Lo spazio come necessità percettiva
- Ivan Carenzi

- 26 lug
- Tempo di lettura: 1 min
Aggiornamento: 7 set

In un universo senza forma, senza luce, senza corpo, non c’è nulla da vedere. Ma se il ritmo cambia, se il tempo si incurva in modo diverso da un nodo all’altro, allora nasce un effetto collaterale: la percezione di distanza. Non esiste ancora nulla che separi, ma esiste già qualcosa che varia. E se qualcosa varia più qui che lì, allora nasce l’impressione che qui e lì siano due cose diverse.
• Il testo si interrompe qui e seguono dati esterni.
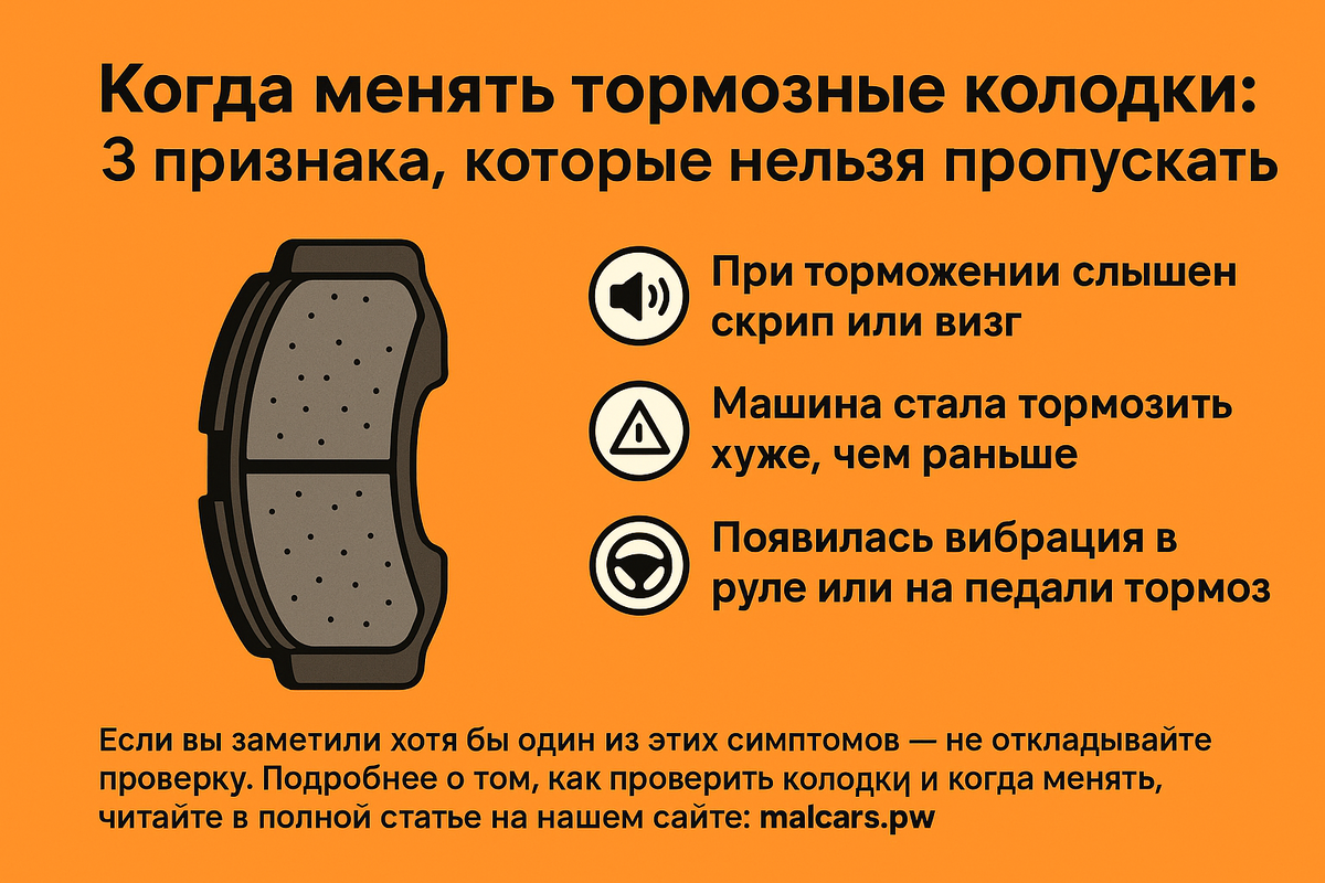 Если вы заметили хотя бы один из этих симптомов — не откладывайте проверку. Подробнее о том, как проверить колодки и когда менять, читайте в полной статье на нашем сайте: malcars.pw

È questo il primo atto percettivo cosmico: non riconoscere la distanza, ma ipotizzarla per poter dare senso a una variazione disomogenea. La Legge 6 non è solo una dichiarazione: è un atto di onestà percettiva. Dice: “Non credere a ciò che sembra diviso. Non stai vedendo spazio. Stai sentendo ritmo.” L’universo non ha mai creato estensione: ha creato strutture metriche che si piegano, accelerano, rallentano. L’illusione dello spazio nasce perché un osservatore interno, incapace di vedere il ritmo puro, traduce la variazione in distanza. Ma la CMDE lo sa: il cosmo è articolato, non esteso. I picchi, i vuoti, le orbite, le lunghezze: tutto è solo ritmo che danza in modo differente. E se la danza cambia, la mente percepisce uno spostamento. Non perché c’è un cammino, ma perché c’è una variazione. Questo post non spiega la gravità. Ma spiega perché ci serve credere nello spazio. È l’alibi cognitivo dell’asimmetria. È l’effetto ottico del ritmo che non torna più indietro.